The reusable is much heavier, but I think may be easier to get a good seal to the face.
The throw away is very light, but takes a bit of effort to make it fit around the nose.

swings and roundabouts.


----------



## skipdiver (27 Apr 2016)

The ones i have are rated FFP1, so have been ejected and i've ordered some 3M FFP3 ones from Ebay.


----------



## Alexam (27 Apr 2016)

I also suffer from asthma, which surges up if I am near dust and then takes a week or so to get back to normal. I also wear glasses and many dustmasks will steam them up unless there is a complete seal around your face and nose, but I doubt they would be so good with a beard. 

I find that the Tend Airrace Professional is excellent. No dust getting in and no glasses being fogged up. I can also wear it for hours without any discomfort. Unfortunatly, it does collect moisture from your breath and needs shaking out occassionaly. If you dont need the mask that completly cover your head, then this is worth trying. Axminster sell these.https://www.amazon.co.uk/Trend-AIRACE-P ... espirators
Malcolm


----------



## LFS19 (28 Apr 2016)

Thanks for the tips everyone!


----------



## sunnybob (28 Apr 2016)

Malcolm, have you checked the rating on the filter pad?
The trend air ace professional is only a P2. Even with it properly fitted, it doesnt filter as well as the FFP3 throwaways.

A small difference admittedly, but if you are wearing masks for many hours a day, that difference is important.


----------



## Richard863 (28 Apr 2016)

Hi All
In preference I use the JSP Powercap IPface mask, it is lighter than the others also the jet of air is is strong enough to not only clear any breathing concentration but also prevents any dust coming in around the face fitting.
When any occasional use of MDF I never find any trace of the dust on the inside of the mask or the filters. Of benefit there is plenty of room if you wear spectacles. I suppose if you really wanted safety there's room to wear a nose mask
as well.
Richard


----------



## sunnybob (28 Apr 2016)

Richard, just searched for the JSP powercap.
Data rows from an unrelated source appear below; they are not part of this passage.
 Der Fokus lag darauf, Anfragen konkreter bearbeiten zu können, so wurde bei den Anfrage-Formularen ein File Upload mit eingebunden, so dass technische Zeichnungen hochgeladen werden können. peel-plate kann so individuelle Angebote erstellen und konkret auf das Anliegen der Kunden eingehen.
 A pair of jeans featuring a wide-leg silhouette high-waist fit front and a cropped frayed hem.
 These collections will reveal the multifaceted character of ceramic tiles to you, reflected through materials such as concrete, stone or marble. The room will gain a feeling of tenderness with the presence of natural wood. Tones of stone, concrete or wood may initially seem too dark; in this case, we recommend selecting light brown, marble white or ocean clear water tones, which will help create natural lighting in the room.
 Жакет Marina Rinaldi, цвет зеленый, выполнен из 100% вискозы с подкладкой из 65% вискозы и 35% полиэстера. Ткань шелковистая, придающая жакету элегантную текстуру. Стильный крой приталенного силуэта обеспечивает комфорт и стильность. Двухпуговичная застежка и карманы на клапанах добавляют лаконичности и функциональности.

Guess what? its rated at FFP2.

What many of the people posting here dont seem to realise is that its the FINE dust you CANT see that does the damage. looking inside and saying "I cant see any" just proves that the filter is blocking big stuff.
Its the microscopic dust that sticks the walls of your lungs and changes your lives, the big bits you can spit out (g).
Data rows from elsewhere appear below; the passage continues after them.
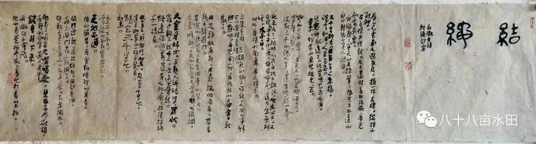 這是我平生真正事筆墨以來,第二次抄讀如此長的文字。第一次是2015年,抄讀之道在印度尼西亞寫的長詩《咖啡園》,那次用了一個禮拜的時間,共抄寫了四大本冊頁。這次抄寫《結繩》,我用了三天時間,在34/136厘米一張的毛邊紙上共寫了11張,這11張橫向豎排下來,就像一個層層排列的墨繩矩陣?!督Y繩》長征寫了119首,他有意沒寫足120首湊一個偶數整數,而是用一個奇數了結,肯定也有他的深意。我這同樣也為奇數的11張,正好暗合了長征的意圖。抄寫完成后,除了起首和落款,我本不想再在其它頁面上使用印章。我私下忖度,如此長詩構成的繩陣,那行間的崎嶇錯落,墨跡的枯潤干濕,單字的大小繁簡,分布的疏密留白,完全沒必再要用印章來調整。但我還是在每一張上或多或少地蓋了一些。這些印章留下的鮮紅印痕,在黑色的墨跡之中分外奪目。我希望它們即是太陽,也是月亮和星星,照耀著古人,也照耀著今人;照耀著開天辟地的曠世文明,也照耀著紛繁蕪雜的現代生活。同時,我還希望其中最不顯眼的一枚就是我,堅定地站在墨河的此岸,也站在彼岸,聽時光之筆揮灑出的風霜雨露,波濤雷霆。而我,見證了這一切,就像見證了自己的人生。我素來崇尚謙和虛沖、沉靜練達、余音繞梁的文字,喜愛蘊藉含蓄、用筆如刀、紙墨相生的書法,這次抄讀長征《結繩》,我卻忍不住昂揚激奮起來,書幾如野狐禪,文亦詞不逮理,顛三倒四,差點兒滿嘴里和滿紙上都跑了火車。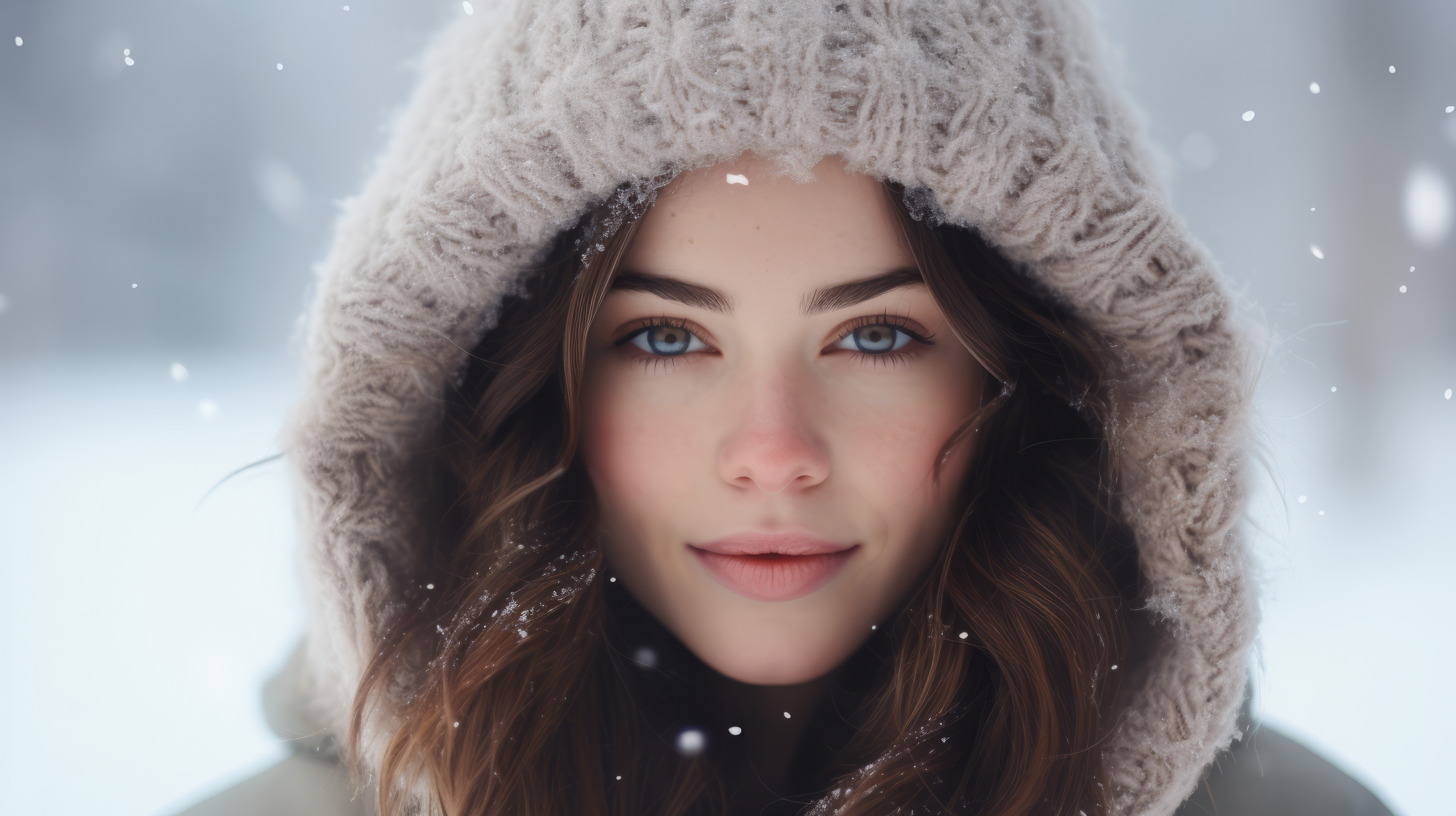 Young and pretty woman enjoying a snowy winter day soft focus 00782 02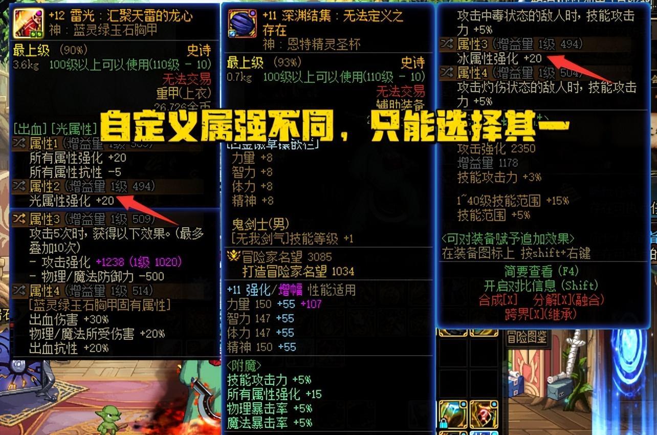 坦白來說,神界版本開放到現在,大部分玩家應該多多少少都有好幾件完美自定義了,屬強也就基本確定下來了,你也不太可能爲了一件自定義去更換全部屬強,如果需要,那還不如換一件自定義呢。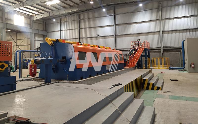 2. The production line is composed of the melting furnace, holding furnaces, four-wheel continuous casting machine, straightening machine, front traction, rolling shear machine, medium-frequency heating furnace, feeding machine, continuous mill machine, cooling system, take-up rod device, and electrical control system.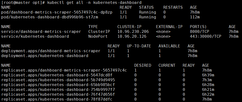 [root@master opt]# kubectl get all -n kubernetes-dashboard

Everybody makes their own choices, based mainly it seems on comfort,and as always, swayed by the power of advertising, but hopefully this thread has made everybody think more carefully about what they are wearing.


----------



## Keith 66 (28 Apr 2016)

I worked as a boatbuilder for most of my working life, this meant using machines with no extraction at all, they just spewed to the atmosphere. Also did a lot of repair work on GRP boats which meant a lot of grinding GRP.
Back in the early 80's i was one of the few who wore masks regularly. When i set up on my own in 84 i bought a Racal airstream powered respirator, it lasted a long time but i wore it out. I got another & wore that one out as well. 3 years ago i rebuilt it & bought enough spares to keep it running till im to old to do it any more!
I have worn disposables, valved masks as well plus the Airstream. I tried a Trend airshield but found it unbalanced & clogged up quickly.
Its only when you change the main filter on a good respirator & look inside to see the quantites of fine dust that you realise just how much it is possible to breathe in.
I have had a bad reaction to western red cedar dust & iroko & never machine or sand the stuff without the respirator on my head.
As for silverline masks, if they are as good as their tools i wouldnt trust them!
The moral of the story is you only get one set of lungs.


----------



## Random Orbital Bob (28 Apr 2016)

So what's the conclusion about the best protection? Sorry, not had time to read the entire thread but would be interested in the short cut to the answer.


----------



## skipdiver (28 Apr 2016)

Random Orbital Bob":1ybrl6uw said:


> So what's the conclusion about the best protection? Sorry, not had time to read the entire thread but would be interested in the short cut to the answer.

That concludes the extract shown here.